Consult others. Don’t be a unilateralist. It’s worth discussing any role in advance with others. We can give you 1-1 advice, for free. If you know anyone working in the area who’s concerned about the risks, discuss your options with them. You may be able to meet people through our community, and our advisors can also help you make connections with people who can give you more nuanced and personalised advice.
Continue to engage with the broader safety community.
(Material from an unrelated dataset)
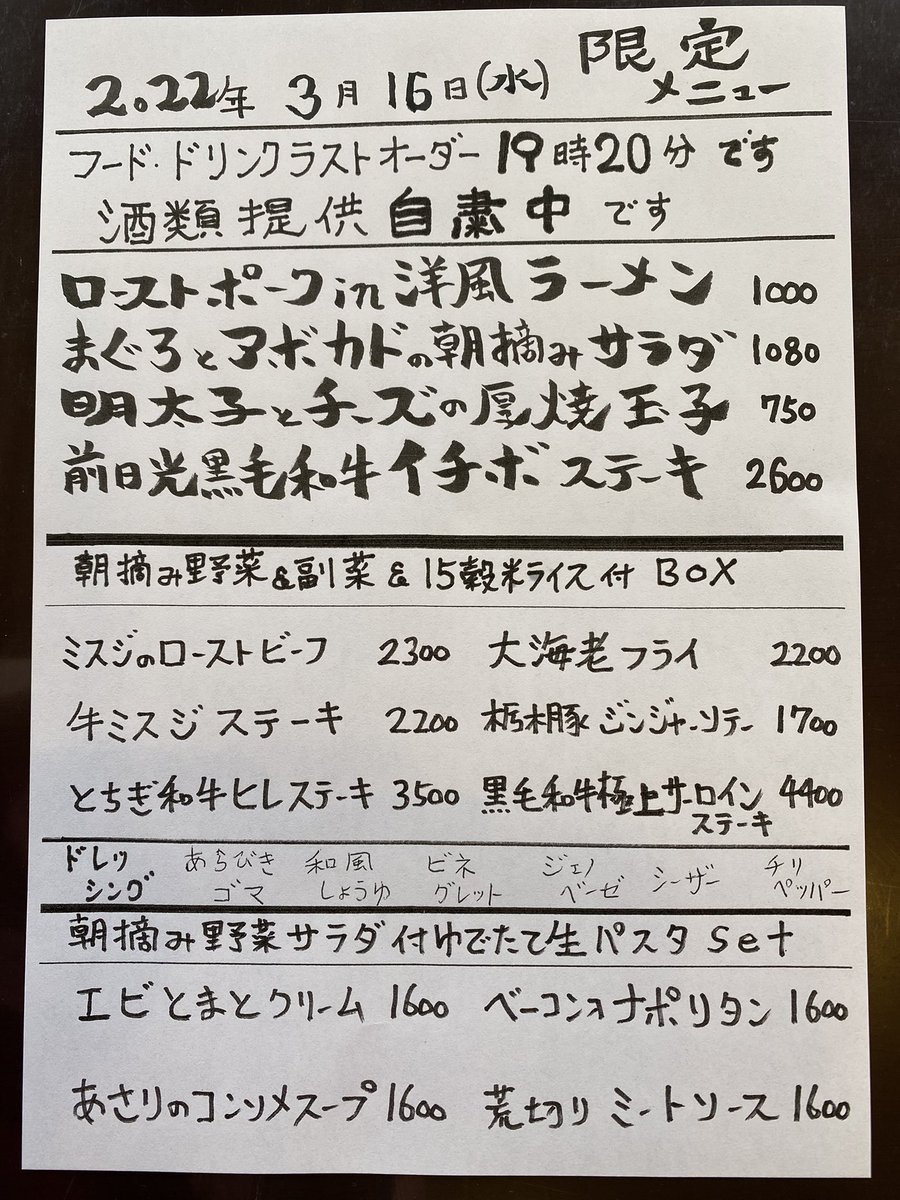 本日の限定 #テイクアウト メニューです。本日も #時短営業 19時20分 フードドリンクラストオーダー20時00分 クローズ...

To reduce the chance that your opinions or values will drift just because of the people you’re socialising with, try to find a way to spend time with people who more closely share your values. For example, if you’re a researcher or engineer, you may be able to spend some of your working time with a safety-focused research group.
Be ready to switch. Avoid being in a financial or psychological situation where it’s just going to be really hard for you to switch jobs into something more exclusively focused on doing good. Instead, constantly ask yourself whether you’d be able to make that switch, and whether you’re making decisions that could make it harder to do so in the future.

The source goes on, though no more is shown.